◆ **What to produce**
Transcribe every record beneath, precisely as written.
+++ Data shown +++
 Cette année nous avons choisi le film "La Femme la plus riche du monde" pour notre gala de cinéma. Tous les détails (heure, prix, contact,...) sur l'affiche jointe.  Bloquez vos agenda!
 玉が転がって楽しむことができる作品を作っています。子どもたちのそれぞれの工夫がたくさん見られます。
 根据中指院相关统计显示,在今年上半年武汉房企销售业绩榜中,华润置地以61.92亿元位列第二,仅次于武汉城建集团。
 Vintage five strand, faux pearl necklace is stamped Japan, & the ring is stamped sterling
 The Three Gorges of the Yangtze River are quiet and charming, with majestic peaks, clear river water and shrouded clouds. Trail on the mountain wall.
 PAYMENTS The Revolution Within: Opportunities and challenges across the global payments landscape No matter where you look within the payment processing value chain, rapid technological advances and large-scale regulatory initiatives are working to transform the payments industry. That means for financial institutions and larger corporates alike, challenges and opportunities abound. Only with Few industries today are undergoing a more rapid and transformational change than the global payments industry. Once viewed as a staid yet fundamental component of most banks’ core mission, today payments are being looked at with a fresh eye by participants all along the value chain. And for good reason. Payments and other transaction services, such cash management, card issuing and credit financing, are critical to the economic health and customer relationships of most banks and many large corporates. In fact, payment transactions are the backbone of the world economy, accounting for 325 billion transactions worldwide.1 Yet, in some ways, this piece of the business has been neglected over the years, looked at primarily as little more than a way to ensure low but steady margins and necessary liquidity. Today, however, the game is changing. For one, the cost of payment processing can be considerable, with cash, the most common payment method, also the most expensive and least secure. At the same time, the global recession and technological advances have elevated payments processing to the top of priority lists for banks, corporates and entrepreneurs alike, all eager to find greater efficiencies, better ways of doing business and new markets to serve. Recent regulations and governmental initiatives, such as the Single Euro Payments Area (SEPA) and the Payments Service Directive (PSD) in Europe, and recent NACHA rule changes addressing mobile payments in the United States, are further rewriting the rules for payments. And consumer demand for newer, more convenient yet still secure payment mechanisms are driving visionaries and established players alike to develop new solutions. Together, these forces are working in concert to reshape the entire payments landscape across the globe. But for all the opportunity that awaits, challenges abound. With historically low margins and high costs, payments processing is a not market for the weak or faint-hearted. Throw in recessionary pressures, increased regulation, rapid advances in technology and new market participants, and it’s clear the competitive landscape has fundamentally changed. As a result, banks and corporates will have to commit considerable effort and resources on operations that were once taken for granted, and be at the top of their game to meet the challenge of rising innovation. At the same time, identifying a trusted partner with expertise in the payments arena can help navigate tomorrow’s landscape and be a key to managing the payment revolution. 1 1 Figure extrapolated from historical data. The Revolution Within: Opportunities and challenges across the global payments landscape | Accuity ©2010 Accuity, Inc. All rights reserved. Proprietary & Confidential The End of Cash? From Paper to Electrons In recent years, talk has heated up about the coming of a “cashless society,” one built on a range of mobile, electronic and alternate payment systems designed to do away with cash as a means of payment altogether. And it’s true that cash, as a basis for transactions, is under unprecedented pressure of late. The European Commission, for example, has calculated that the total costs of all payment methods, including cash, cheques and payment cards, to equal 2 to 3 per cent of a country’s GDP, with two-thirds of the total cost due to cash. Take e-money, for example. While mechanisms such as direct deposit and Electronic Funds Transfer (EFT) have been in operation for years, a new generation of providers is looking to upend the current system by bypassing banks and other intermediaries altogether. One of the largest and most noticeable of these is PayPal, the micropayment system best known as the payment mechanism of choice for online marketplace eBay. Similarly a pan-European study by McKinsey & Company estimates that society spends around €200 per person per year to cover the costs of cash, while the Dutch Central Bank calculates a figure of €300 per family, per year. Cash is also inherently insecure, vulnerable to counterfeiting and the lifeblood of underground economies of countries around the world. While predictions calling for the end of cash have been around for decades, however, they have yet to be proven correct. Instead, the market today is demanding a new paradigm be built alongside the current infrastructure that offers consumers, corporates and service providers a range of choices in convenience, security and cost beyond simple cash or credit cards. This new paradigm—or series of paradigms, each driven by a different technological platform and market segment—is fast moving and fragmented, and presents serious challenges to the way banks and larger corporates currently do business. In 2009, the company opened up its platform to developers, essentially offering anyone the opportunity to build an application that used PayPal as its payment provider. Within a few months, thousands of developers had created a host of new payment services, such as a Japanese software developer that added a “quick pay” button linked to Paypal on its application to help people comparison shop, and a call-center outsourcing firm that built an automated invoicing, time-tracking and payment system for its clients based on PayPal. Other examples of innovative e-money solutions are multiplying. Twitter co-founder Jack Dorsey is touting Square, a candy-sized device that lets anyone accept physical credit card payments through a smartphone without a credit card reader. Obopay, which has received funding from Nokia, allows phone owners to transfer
+++
◆ **Task output**
 Cette année nous avons choisi le film "La Femme la plus riche du monde" pour notre gala de cinéma. Tous les détails (heure, prix, contact,...) sur l'affiche jointe.  Bloquez vos agenda!
 玉が転がって楽しむことができる作品を作っています。子どもたちのそれぞれの工夫がたくさん見られます。
 根据中指院相关统计显示,在今年上半年武汉房企销售业绩榜中,华润置地以61.92亿元位列第二,仅次于武汉城建集团。
 Vintage five strand, faux pearl necklace is stamped Japan, & the ring is stamped sterling
 The Three Gorges of the Yangtze River are quiet and charming, with majestic peaks, clear river water and shrouded clouds. Trail on the mountain wall.
 PAYMENTS The Revolution Within: Opportunities and challenges across the global payments landscape No matter where you look within the payment processing value chain, rapid technological advances and large-scale regulatory initiatives are working to transform the payments industry. That means for financial institutions and larger corporates alike, challenges and opportunities abound. Only with Few industries today are undergoing a more rapid and transformational change than the global payments industry. Once viewed as a staid yet fundamental component of most banks’ core mission, today payments are being looked at with a fresh eye by participants all along the value chain. And for good reason. Payments and other transaction services, such cash management, card issuing and credit financing, are critical to the economic health and customer relationships of most banks and many large corporates. In fact, payment transactions are the backbone of the world economy, accounting for 325 billion transactions worldwide.1 Yet, in some ways, this piece of the business has been neglected over the years, looked at primarily as little more than a way to ensure low but steady margins and necessary liquidity. Today, however, the game is changing. For one, the cost of payment processing can be considerable, with cash, the most common payment method, also the most expensive and least secure. At the same time, the global recession and technological advances have elevated payments processing to the top of priority lists for banks, corporates and entrepreneurs alike, all eager to find greater efficiencies, better ways of doing business and new markets to serve. Recent regulations and governmental initiatives, such as the Single Euro Payments Area (SEPA) and the Payments Service Directive (PSD) in Europe, and recent NACHA rule changes addressing mobile payments in the United States, are further rewriting the rules for payments. And consumer demand for newer, more convenient yet still secure payment mechanisms are driving visionaries and established players alike to develop new solutions. Together, these forces are working in concert to reshape the entire payments landscape across the globe. But for all the opportunity that awaits, challenges abound. With historically low margins and high costs, payments processing is a not market for the weak or faint-hearted. Throw in recessionary pressures, increased regulation, rapid advances in technology and new market participants, and it’s clear the competitive landscape has fundamentally changed. As a result, banks and corporates will have to commit considerable effort and resources on operations that were once taken for granted, and be at the top of their game to meet the challenge of rising innovation. At the same time, identifying a trusted partner with expertise in the payments arena can help navigate tomorrow’s landscape and be a key to managing the payment revolution. 1 1 Figure extrapolated from historical data. The Revolution Within: Opportunities and challenges across the global payments landscape | Accuity ©2010 Accuity, Inc. All rights reserved. Proprietary & Confidential The End of Cash? From Paper to Electrons In recent years, talk has heated up about the coming of a “cashless society,” one built on a range of mobile, electronic and alternate payment systems designed to do away with cash as a means of payment altogether. And it’s true that cash, as a basis for transactions, is under unprecedented pressure of late. The European Commission, for example, has calculated that the total costs of all payment methods, including cash, cheques and payment cards, to equal 2 to 3 per cent of a country’s GDP, with two-thirds of the total cost due to cash. Take e-money, for example. While mechanisms such as direct deposit and Electronic Funds Transfer (EFT) have been in operation for years, a new generation of providers is looking to upend the current system by bypassing banks and other intermediaries altogether. One of the largest and most noticeable of these is PayPal, the micropayment system best known as the payment mechanism of choice for online marketplace eBay. Similarly a pan-European study by McKinsey & Company estimates that society spends around €200 per person per year to cover the costs of cash, while the Dutch Central Bank calculates a figure of €300 per family, per year. Cash is also inherently insecure, vulnerable to counterfeiting and the lifeblood of underground economies of countries around the world. While predictions calling for the end of cash have been around for decades, however, they have yet to be proven correct. Instead, the market today is demanding a new paradigm be built alongside the current infrastructure that offers consumers, corporates and service providers a range of choices in convenience, security and cost beyond simple cash or credit cards. This new paradigm—or series of paradigms, each driven by a different technological platform and market segment—is fast moving and fragmented, and presents serious challenges to the way banks and larger corporates currently do business. In 2009, the company opened up its platform to developers, essentially offering anyone the opportunity to build an application that used PayPal as its payment provider. Within a few months, thousands of developers had created a host of new payment services, such as a Japanese software developer that added a “quick pay” button linked to Paypal on its application to help people comparison shop, and a call-center outsourcing firm that built an automated invoicing, time-tracking and payment system for its clients based on PayPal. Other examples of innovative e-money solutions are multiplying. Twitter co-founder Jack Dorsey is touting Square, a candy-sized device that lets anyone accept physical credit card payments through a smartphone without a credit card reader. Obopay, which has received funding from Nokia, allows phone owners to transfer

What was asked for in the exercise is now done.